**MATERIAL SUPPLIED**
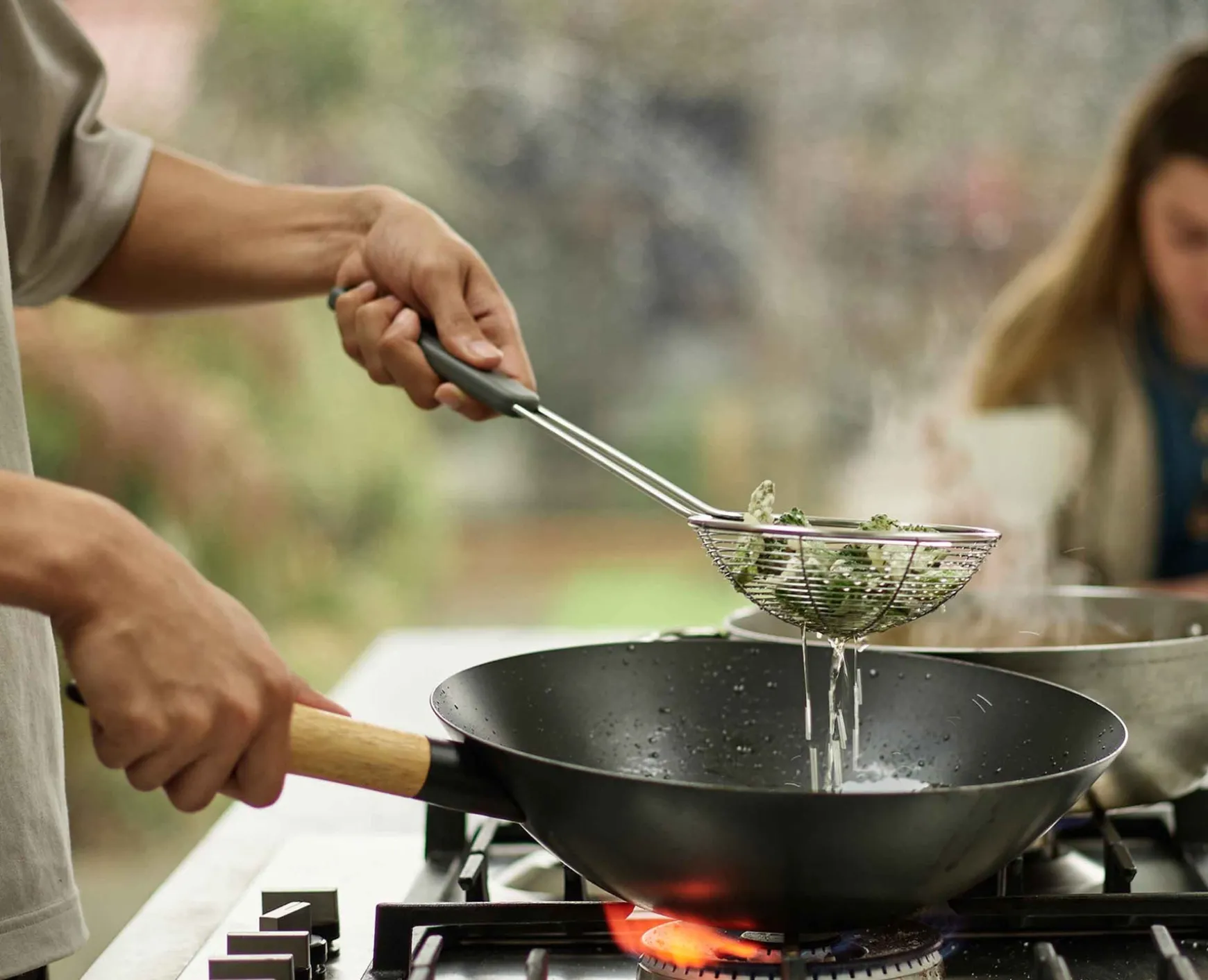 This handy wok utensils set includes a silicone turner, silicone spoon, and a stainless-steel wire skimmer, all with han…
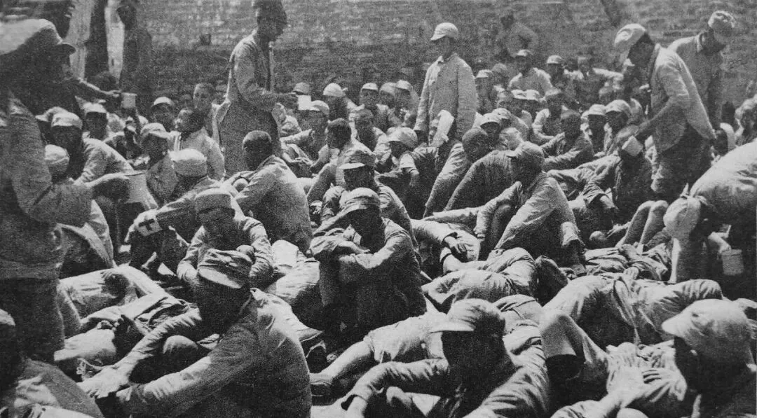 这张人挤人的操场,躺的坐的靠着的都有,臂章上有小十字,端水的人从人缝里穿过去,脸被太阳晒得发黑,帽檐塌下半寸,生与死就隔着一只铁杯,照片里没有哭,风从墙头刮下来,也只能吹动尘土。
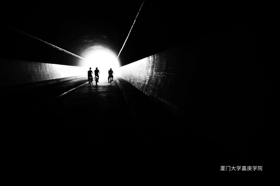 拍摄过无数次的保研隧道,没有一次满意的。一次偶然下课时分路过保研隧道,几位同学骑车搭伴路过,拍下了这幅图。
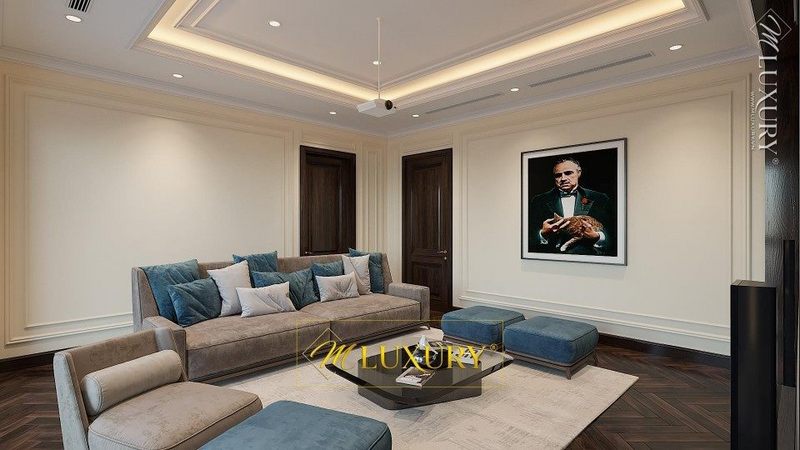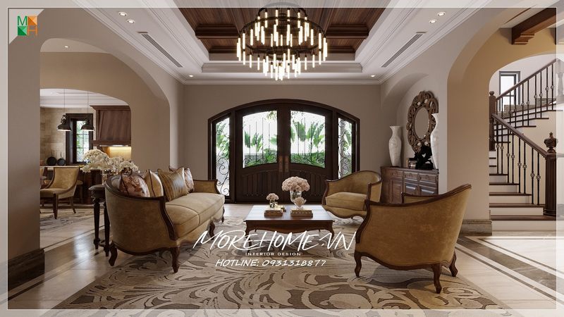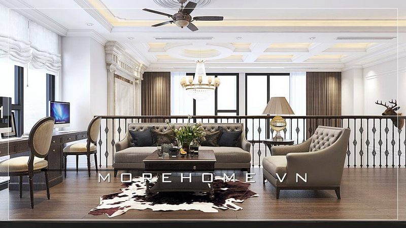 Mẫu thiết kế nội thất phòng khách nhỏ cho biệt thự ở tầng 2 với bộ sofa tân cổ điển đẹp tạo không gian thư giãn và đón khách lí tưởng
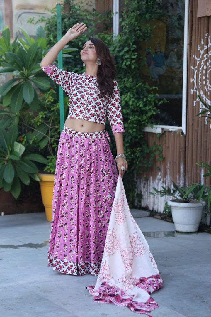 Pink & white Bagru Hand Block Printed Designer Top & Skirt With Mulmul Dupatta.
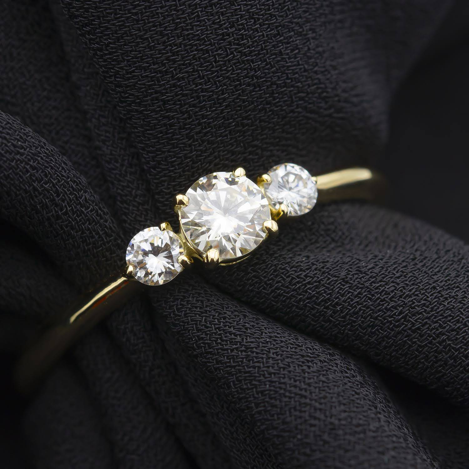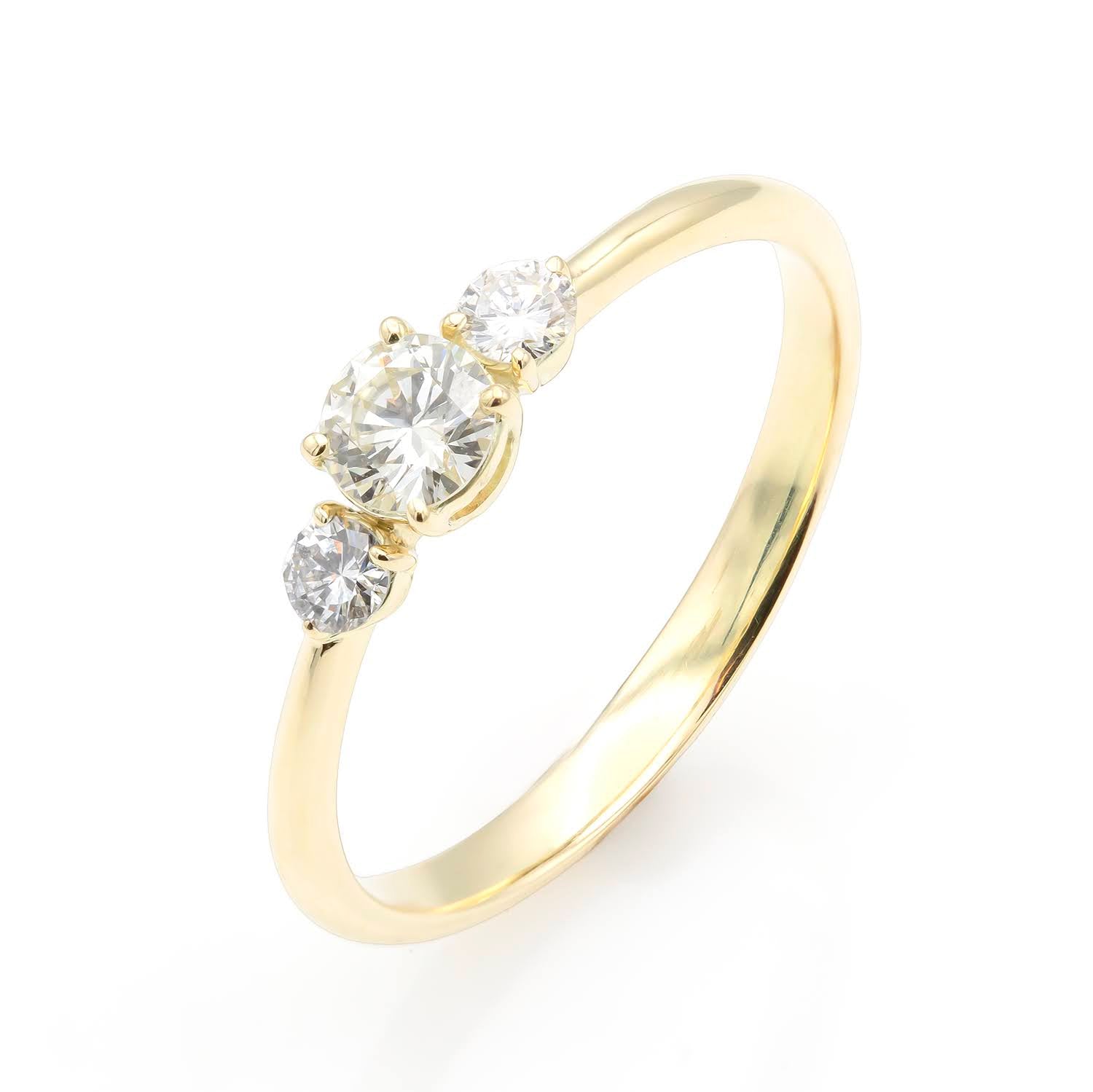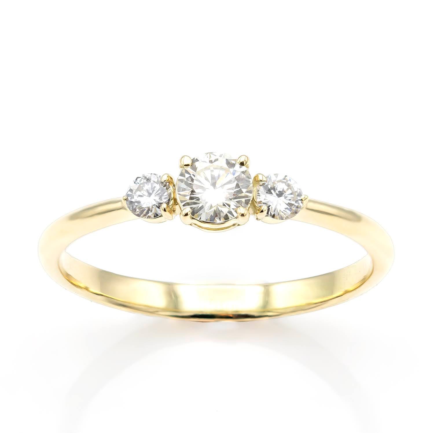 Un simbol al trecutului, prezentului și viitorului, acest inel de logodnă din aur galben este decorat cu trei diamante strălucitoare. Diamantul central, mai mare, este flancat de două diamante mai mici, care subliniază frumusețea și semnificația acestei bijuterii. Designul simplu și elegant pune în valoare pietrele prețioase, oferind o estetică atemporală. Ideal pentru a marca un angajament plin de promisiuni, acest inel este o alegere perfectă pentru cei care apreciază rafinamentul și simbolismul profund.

==

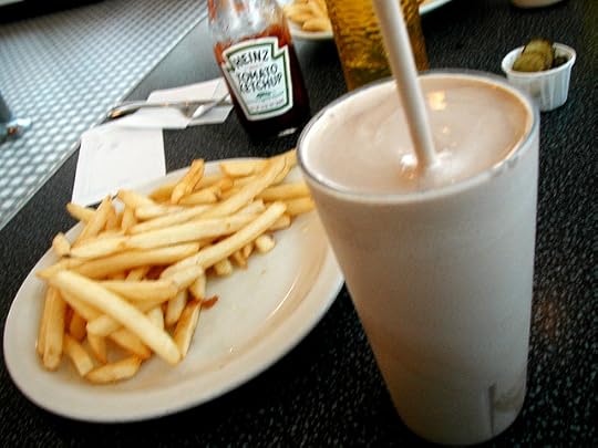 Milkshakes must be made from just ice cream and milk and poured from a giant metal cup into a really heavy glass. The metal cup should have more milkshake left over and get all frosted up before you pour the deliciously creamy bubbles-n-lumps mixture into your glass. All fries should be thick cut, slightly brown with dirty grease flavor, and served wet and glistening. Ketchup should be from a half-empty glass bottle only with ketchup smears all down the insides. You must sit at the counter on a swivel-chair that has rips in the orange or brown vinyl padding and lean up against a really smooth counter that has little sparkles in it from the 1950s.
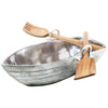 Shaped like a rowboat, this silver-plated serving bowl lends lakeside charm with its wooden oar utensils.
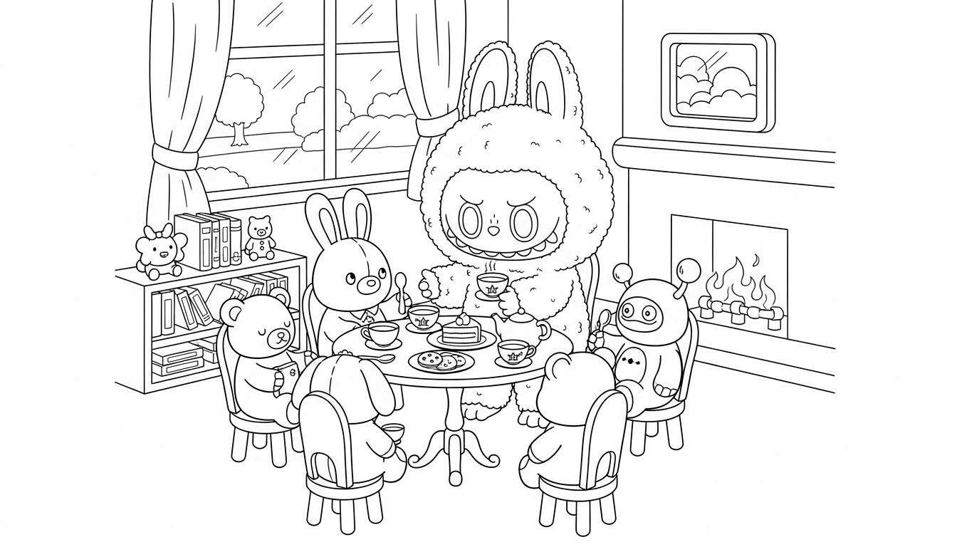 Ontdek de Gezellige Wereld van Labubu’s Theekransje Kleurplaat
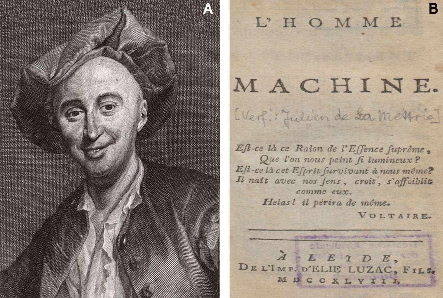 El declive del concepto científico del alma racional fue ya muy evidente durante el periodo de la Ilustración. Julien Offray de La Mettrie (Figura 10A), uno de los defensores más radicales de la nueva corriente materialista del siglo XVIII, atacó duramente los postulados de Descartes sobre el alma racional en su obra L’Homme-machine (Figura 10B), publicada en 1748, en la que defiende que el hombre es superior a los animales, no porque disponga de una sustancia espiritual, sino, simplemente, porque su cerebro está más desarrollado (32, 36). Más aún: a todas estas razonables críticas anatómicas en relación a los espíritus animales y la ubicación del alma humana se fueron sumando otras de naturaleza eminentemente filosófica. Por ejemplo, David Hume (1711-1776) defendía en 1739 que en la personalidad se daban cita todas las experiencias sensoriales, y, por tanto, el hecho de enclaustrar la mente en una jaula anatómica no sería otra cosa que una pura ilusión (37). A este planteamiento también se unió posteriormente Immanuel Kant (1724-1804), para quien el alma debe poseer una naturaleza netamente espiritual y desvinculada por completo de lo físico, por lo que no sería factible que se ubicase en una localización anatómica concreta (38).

**AIM OF THE TASK**
In the data above, the stretch from the line with "这张人挤人的操场,躺的坐的靠" through the line with "拍摄过无数次的保研隧道,没有" is to be returned exactly, minus any pictures.

**ANSWER SPACE**
 这张人挤人的操场,躺的坐的靠着的都有,臂章上有小十字,端水的人从人缝里穿过去,脸被太阳晒得发黑,帽檐塌下半寸,生与死就隔着一只铁杯,照片里没有哭,风从墙头刮下来,也只能吹动尘土。
 拍摄过无数次的保研隧道,没有一次满意的。一次偶然下课时分路过保研隧道,几位同学骑车搭伴路过,拍下了这幅图。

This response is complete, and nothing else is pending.